<<<<

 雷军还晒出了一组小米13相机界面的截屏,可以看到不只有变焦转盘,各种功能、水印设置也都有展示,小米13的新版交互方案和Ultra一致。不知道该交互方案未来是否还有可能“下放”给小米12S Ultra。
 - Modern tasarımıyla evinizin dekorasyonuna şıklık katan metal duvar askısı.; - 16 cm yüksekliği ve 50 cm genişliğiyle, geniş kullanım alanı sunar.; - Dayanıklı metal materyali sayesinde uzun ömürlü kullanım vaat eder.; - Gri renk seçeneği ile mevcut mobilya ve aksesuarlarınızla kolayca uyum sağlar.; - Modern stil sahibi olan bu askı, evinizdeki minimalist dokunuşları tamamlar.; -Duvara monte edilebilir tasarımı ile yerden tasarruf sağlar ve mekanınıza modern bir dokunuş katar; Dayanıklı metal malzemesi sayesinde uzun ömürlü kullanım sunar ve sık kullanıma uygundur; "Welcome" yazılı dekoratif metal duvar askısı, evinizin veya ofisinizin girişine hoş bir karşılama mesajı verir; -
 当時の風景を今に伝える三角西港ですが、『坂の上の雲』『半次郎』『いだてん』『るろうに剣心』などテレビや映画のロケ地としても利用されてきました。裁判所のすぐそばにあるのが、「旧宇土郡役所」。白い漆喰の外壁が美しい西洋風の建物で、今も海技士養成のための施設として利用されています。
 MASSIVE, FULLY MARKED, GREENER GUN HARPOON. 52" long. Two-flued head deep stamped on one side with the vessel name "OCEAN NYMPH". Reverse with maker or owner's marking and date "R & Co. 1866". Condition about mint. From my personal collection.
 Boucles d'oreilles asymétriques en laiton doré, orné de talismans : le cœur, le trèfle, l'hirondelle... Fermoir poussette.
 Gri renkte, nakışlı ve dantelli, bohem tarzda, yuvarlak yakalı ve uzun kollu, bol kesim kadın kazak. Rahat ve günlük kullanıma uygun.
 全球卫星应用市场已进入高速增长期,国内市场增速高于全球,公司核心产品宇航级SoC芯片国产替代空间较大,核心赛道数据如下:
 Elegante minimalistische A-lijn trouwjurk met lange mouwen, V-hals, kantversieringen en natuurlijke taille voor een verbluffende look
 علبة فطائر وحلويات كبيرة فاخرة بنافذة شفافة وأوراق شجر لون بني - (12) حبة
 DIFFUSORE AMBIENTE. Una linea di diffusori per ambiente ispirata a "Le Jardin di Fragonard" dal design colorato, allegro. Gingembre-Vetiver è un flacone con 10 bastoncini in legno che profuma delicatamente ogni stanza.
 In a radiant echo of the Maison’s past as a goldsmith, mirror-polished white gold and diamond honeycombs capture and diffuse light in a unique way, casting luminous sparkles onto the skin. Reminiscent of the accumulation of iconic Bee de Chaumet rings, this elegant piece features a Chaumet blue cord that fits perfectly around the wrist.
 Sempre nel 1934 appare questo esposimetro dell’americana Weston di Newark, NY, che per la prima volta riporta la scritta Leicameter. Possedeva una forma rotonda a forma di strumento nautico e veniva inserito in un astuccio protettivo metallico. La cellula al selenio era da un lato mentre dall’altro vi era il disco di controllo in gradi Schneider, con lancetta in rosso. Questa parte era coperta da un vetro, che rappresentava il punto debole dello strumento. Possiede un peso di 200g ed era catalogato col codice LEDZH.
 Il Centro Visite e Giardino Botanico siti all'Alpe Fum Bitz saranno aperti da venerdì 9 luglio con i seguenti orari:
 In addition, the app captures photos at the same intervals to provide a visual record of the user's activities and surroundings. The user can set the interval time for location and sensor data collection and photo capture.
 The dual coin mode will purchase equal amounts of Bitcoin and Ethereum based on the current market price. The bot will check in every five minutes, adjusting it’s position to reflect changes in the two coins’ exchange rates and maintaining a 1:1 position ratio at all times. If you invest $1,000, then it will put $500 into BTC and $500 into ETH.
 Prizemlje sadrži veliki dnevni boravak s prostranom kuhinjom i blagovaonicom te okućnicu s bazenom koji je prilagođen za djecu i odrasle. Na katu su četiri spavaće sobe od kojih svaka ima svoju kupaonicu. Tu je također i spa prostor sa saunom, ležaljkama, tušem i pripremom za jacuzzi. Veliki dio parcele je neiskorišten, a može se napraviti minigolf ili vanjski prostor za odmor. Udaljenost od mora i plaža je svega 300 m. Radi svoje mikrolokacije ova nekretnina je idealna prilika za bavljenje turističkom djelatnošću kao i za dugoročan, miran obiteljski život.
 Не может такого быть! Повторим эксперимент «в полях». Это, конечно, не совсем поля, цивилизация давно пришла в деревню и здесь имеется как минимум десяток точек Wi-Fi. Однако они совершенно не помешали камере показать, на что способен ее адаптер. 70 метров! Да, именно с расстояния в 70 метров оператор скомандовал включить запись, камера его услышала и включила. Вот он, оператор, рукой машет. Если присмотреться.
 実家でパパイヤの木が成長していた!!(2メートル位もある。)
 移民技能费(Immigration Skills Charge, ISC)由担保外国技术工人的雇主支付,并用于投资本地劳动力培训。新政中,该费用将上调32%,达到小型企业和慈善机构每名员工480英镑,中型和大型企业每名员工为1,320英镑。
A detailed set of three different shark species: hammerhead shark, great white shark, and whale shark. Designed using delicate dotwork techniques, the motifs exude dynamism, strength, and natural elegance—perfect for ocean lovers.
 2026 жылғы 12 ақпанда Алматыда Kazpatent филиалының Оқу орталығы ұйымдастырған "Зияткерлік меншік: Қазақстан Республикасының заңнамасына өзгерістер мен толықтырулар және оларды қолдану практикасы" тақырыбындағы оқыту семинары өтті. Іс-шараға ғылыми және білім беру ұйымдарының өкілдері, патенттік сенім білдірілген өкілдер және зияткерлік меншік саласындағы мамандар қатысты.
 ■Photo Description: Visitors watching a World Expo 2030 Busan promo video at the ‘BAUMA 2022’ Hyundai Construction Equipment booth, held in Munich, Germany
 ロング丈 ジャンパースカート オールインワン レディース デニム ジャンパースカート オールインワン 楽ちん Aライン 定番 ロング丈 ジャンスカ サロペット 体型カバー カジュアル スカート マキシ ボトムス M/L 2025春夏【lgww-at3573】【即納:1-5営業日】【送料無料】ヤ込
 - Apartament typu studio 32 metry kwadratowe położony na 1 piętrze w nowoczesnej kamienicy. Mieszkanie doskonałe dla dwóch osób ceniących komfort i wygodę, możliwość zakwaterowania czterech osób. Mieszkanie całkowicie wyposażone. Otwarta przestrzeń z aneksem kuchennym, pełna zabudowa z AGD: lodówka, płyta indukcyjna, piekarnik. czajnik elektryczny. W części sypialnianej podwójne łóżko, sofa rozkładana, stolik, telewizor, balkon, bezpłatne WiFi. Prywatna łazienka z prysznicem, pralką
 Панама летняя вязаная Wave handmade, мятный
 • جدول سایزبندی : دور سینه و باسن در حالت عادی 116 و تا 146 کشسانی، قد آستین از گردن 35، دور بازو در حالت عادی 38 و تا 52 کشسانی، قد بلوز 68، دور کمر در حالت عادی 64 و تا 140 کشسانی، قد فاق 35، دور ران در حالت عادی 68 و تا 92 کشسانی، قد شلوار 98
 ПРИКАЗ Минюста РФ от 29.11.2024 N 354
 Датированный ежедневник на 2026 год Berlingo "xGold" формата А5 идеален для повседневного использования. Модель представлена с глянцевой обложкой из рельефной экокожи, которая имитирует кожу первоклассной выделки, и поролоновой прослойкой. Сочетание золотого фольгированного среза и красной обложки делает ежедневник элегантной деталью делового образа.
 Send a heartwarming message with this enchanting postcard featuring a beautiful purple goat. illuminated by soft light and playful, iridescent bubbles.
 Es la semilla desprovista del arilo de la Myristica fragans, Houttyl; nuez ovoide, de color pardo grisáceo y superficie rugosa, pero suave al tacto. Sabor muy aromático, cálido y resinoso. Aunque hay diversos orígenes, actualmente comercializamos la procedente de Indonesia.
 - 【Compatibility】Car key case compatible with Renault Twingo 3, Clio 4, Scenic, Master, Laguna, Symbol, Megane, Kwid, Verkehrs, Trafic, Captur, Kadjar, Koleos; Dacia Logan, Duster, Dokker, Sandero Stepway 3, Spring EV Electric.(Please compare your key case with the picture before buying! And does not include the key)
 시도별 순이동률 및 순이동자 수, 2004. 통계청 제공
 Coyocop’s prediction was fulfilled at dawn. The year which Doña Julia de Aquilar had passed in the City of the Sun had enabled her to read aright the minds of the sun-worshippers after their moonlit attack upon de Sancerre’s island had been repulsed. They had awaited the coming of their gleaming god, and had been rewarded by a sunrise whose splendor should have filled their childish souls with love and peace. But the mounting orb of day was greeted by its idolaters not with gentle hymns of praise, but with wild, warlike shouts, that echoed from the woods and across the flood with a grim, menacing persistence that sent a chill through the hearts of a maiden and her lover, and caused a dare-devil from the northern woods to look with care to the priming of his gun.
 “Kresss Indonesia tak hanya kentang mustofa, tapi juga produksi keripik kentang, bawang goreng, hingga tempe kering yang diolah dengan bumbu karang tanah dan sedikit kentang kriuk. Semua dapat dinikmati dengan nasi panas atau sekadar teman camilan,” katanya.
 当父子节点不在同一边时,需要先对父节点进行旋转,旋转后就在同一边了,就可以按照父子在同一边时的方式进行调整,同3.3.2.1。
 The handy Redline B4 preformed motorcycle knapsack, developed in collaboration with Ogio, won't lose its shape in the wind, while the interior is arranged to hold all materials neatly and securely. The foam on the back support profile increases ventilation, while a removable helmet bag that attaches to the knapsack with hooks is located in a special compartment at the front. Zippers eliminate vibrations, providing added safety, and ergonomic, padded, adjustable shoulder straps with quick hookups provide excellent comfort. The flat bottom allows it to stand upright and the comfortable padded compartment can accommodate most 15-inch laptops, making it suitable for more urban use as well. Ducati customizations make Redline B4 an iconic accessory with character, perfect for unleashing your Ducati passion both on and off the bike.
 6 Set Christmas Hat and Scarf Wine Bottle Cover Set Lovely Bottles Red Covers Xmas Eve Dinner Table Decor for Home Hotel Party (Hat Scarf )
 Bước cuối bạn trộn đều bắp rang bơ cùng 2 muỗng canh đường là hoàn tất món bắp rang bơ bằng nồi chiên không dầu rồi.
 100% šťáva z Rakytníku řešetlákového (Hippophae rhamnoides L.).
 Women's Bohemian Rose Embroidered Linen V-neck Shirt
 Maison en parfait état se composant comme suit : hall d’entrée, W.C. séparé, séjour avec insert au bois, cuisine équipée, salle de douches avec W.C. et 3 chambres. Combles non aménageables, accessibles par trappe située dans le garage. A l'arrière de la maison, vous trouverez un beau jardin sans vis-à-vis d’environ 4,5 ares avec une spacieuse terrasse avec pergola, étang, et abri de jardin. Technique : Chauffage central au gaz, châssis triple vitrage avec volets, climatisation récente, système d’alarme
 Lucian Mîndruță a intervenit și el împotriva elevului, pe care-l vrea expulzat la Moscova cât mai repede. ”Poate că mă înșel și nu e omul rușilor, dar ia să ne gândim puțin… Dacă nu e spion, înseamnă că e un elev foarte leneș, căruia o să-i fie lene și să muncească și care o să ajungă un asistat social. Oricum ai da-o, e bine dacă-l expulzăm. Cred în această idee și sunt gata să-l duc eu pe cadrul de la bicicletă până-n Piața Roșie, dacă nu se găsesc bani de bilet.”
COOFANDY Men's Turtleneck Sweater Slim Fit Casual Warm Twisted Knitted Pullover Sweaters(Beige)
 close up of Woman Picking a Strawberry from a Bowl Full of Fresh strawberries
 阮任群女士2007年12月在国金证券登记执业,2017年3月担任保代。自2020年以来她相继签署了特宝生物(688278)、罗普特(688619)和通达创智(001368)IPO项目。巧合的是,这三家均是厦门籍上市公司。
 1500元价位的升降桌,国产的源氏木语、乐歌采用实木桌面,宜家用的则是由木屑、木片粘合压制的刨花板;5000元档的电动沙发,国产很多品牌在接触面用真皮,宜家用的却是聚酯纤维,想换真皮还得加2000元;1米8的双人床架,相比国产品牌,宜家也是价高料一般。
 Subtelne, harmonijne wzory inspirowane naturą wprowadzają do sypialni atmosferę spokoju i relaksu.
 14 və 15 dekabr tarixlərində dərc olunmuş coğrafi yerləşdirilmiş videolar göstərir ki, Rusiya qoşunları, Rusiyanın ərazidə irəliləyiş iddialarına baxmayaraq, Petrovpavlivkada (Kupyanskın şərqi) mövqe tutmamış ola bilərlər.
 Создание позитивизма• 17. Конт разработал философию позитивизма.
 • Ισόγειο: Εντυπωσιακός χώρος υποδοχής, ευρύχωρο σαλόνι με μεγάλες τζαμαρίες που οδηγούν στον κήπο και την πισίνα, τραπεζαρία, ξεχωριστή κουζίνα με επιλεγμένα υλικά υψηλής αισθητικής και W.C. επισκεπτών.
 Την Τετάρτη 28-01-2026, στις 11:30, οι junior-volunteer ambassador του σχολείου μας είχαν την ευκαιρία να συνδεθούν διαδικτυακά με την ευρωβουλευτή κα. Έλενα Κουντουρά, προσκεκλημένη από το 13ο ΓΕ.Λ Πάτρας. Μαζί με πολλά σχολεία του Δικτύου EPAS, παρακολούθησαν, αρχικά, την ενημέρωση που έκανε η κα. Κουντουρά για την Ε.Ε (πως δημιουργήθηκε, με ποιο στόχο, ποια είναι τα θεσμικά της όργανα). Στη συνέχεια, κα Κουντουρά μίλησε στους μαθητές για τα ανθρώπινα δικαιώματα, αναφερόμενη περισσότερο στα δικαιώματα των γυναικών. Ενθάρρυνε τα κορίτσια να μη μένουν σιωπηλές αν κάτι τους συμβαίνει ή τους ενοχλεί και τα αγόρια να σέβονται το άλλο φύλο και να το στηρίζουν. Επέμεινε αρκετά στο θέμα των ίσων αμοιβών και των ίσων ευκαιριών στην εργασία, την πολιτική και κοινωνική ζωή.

>>>>

What you give back should be exactly the lines of the data above from the line with "Send a heartwarming" through the line with "当父子节点不在同一边时,需要", both of those included, and nothing more.

**Result of this task**
 Send a heartwarming message with this enchanting postcard featuring a beautiful purple goat. illuminated by soft light and playful, iridescent bubbles.
 Es la semilla desprovista del arilo de la Myristica fragans, Houttyl; nuez ovoide, de color pardo grisáceo y superficie rugosa, pero suave al tacto. Sabor muy aromático, cálido y resinoso. Aunque hay diversos orígenes, actualmente comercializamos la procedente de Indonesia.
 - 【Compatibility】Car key case compatible with Renault Twingo 3, Clio 4, Scenic, Master, Laguna, Symbol, Megane, Kwid, Verkehrs, Trafic, Captur, Kadjar, Koleos; Dacia Logan, Duster, Dokker, Sandero Stepway 3, Spring EV Electric.(Please compare your key case with the picture before buying! And does not include the key)
 시도별 순이동률 및 순이동자 수, 2004. 통계청 제공
 Coyocop’s prediction was fulfilled at dawn. The year which Doña Julia de Aquilar had passed in the City of the Sun had enabled her to read aright the minds of the sun-worshippers after their moonlit attack upon de Sancerre’s island had been repulsed. They had awaited the coming of their gleaming god, and had been rewarded by a sunrise whose splendor should have filled their childish souls with love and peace. But the mounting orb of day was greeted by its idolaters not with gentle hymns of praise, but with wild, warlike shouts, that echoed from the woods and across the flood with a grim, menacing persistence that sent a chill through the hearts of a maiden and her lover, and caused a dare-devil from the northern woods to look with care to the priming of his gun.
 “Kresss Indonesia tak hanya kentang mustofa, tapi juga produksi keripik kentang, bawang goreng, hingga tempe kering yang diolah dengan bumbu karang tanah dan sedikit kentang kriuk. Semua dapat dinikmati dengan nasi panas atau sekadar teman camilan,” katanya.
 当父子节点不在同一边时,需要先对父节点进行旋转,旋转后就在同一边了,就可以按照父子在同一边时的方式进行调整,同3.3.2.1。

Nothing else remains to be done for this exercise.